At times we make judgements about issues using only small bits of information. One area where this tends to happen is with regard to Torah. We hear of a law, observe a particular practice, or learn about a subject but we might not know of its origins, contextual value, and reasoning. Yet, much of the time it is like Mr Wizard’s strawberry seed, where we might think it is one thing initially, but when we pan out to include greater context, we discover that it is something else entirely.

 

One of the reasons that literacy has always been so important in Judaism is just this. The Jewish way is to empower people with knowledge and to promote genuine understanding, rather than to exploit their ignorance. Rabbis are meant to inform and educate, rather than direct and lead blind followers. The more we know, the more we can properly understand the details that make up the full picture of our law and culture and, more important, our identity.

 

At the end of the parasha, there is a beautiful mitzvah given to the Children of Israel that highlights this point. It is the mitzvah of tsitsit — the strings that we are to tie to four-cornered garments. They are meant to call our attention to this idea.

 

G-d said to Moshe:

Speak to the Children of Israel and say to them that they are to make tassels on the corners of their garments, throughout their generations…that you may look at it and keep in mind all the commandments of G-d and observe them…Do not stray after your heart… (15:38-39)

 

When we see the tsitsit we are meant to recall all the mitsvot, and remember that the mistvot find their meaning when intertwined with all the others. They are all tied together. Great people can tell us what they know; greater people admit when they lack scholarship and are at a loss of information with which to make a judgement. When we hear bits of information, we might pause before determining the meaning and question whether there is more there than we might initially see.

Law and Lore

About the Prayers

Kadish II

It is customary among Ashkenazi Jews to stand when kadish is recited. Sepharadi Jews do not stand when kadish is recited[1]. However, it was the custom of Rabbi Isaac Luria (the Ari), based on kabbala, that if he was standing when kadish had begun, he would remain standing until answering amen to the kadish and only then sit down. This custom of the Ari, recorded by his student Rabbi Hayim Vital in Sha’ar haKavanot[2], was accepted as halakha (Jewish law) and codified by the  oriental Sepharadi rabbis. Yet, the Western Spanish and Portuguese communities did not accept the kabbalistic custom of the Ari as law, and sitting is permitted during any part of the kadish.

 

[1] See Mishne Torah, Tefila, 9:1,5,8.

[2] Derush haKadish, pg.16, column 4.

Parasha Perspectives

IV  Shelach-Lecha

53  Story of the ‘Spies’  (13:1-14:10)

The mission (13:1-24); The bad report (13:25-33)

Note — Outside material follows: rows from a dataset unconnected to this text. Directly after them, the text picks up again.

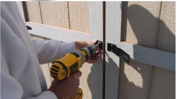
102. Continue with the latch.
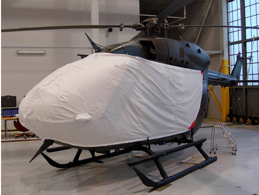
EC-145 Bubble Cover

This cover type is made from Silver Acrylic Sunbrella canvas and is 100% lined with a soft and smooth microfiber. Bruce's Custom Covers developed this material combination especially for aircraft protection. The outer material is medium weight and treated for water resistance, UV resistance and anti-static buildup. The inner lining is a very soft and smooth microfiber to prevent scratching. The material is very reflective, and tests show that the cabin interior temperature can be reduced to near-ambient temperature on the hottest of days. It is water, ice and snow repellent, yet breathable to allow moisture to escape from between the cover and the aircraft surface.
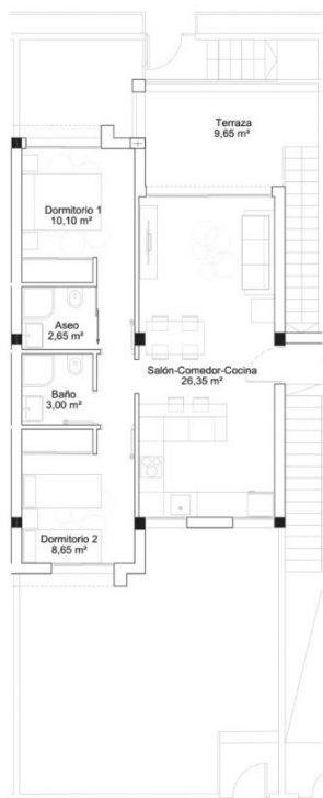
Vivienda 10 - Bloque 2 Planta Alta
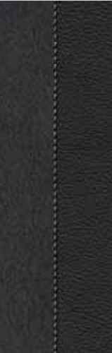
Alcantara® Black Sport seats CE + WL3'
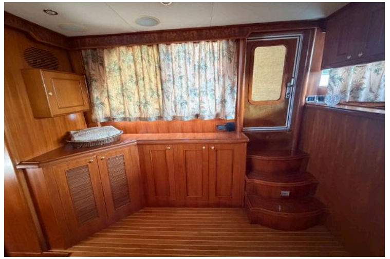
Interior of 2006 Ocean Alexander 48 Classicco yacht with wooden cabinetry and floral curtains.
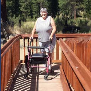
10 Wheelchair Ramps: Average Cost $1,000
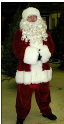
Thank you Santa!

The annual 2004 PAWS sponsored adoption event, Home 4 The Holidays , saw the successful adoption of 8 dogs, 13 cats and 2 rats! Scores of retailers, volunteers and area adoption organizations filled the Teton County Fair Building, all dedicated to one concern; helping to find holiday homes for orphaned animals. PAWS thanks everyone for their assistance and continued support for this wonderful event. See you in December!
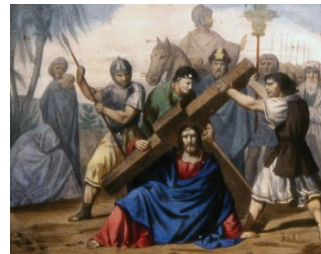
X. Jesus is Stripped of His Garments
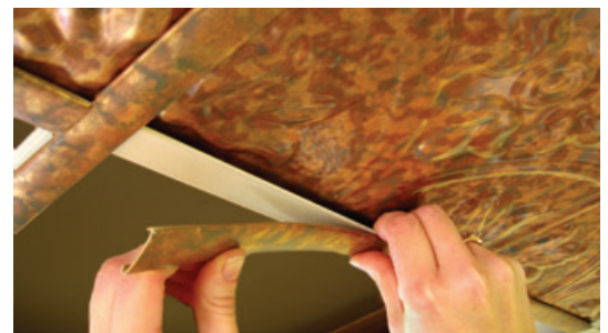
GridMAX in Cracked Copper with matching Fasade panels over white grid

Panic, crying and rebellion (14:1-10)

54 Moshe successfully pleads for the People  (14:11-25)

55  Consequences of the ‘spies’  (14:26-45)

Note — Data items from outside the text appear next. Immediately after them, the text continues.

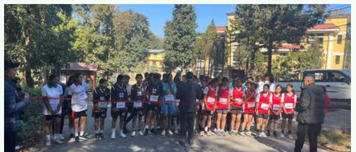
Cross Country Race at KUHS
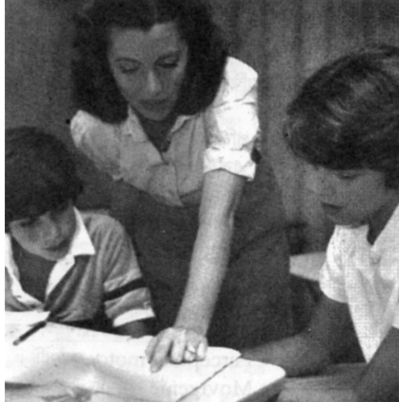
weŕŕ 16 : ukŕŕK Drmnv cvŕbi gva`tg ukLY cZex ukit`i mnvqZv KitZ cvtib

1. me`ij q KgmPŕZ Gt`i mnvqZv Kivi Rb` KvhRi ubt`Rbvi e`e`v _vKŕZ nte|
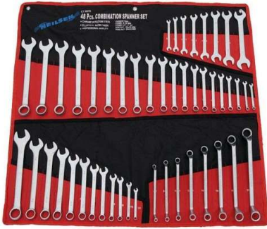
98. V - NEW NEILSEN 48 PIECE FULL POLISH FINISH SPANNER SET - CT0876
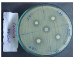
Figure 3. Biological activities of the ligand NABSA and its cobalt, nickel and copper complexes against candida albicans.
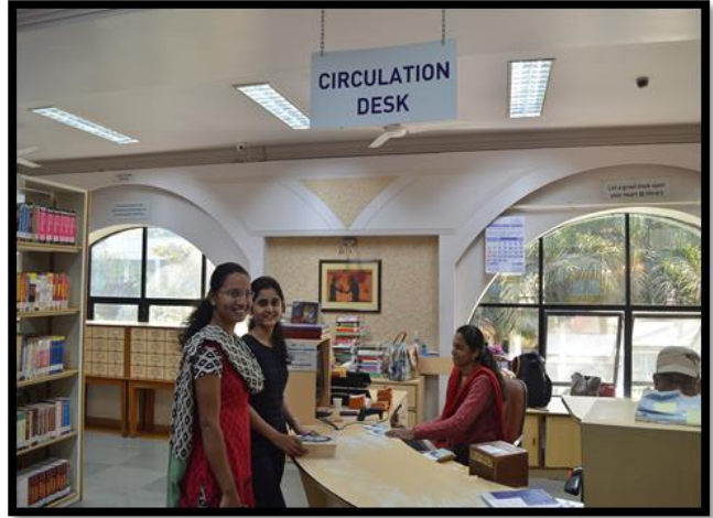
Photo No. 02 Circulation Section
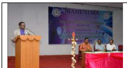
(Day-1 Presidential Address)
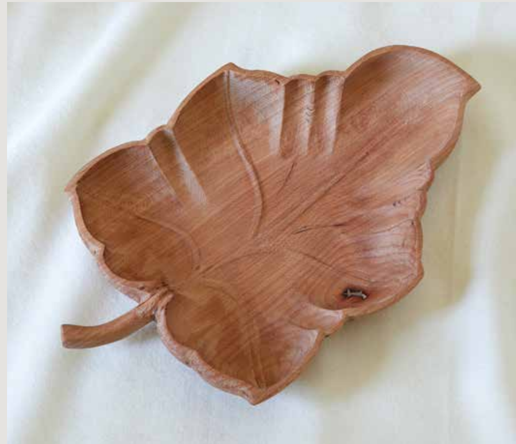
BOTANIQUE BEECHWOOD, 13.875"L x 8.375"W x 1.625"H (WL01-BCH)
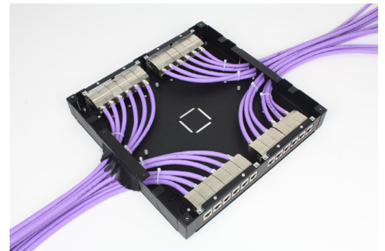
Internal view with copper assembly

Punishment for the People: forty years in the midbar

(14:26-35)

Punishment for ten bad spies: died of plague (14:36-38)

Defying Moshe, some of the People try to invade the

Land and fail (14:39-45)

56  Certain offerings must be accompanied by a mincha

and nesech, wine libation  (15:1-16)

57a  Challah  (15:17-21)

57b  Offerings for community sins  (15:22-26)

57c  Laws for individuals who sin unintentionally or

intentionally  (15:27-31)

58a  Concerning a man who gathered wood on Shabbat

(15:32-34)

58b  He is stoned by word of God  (15:35-36)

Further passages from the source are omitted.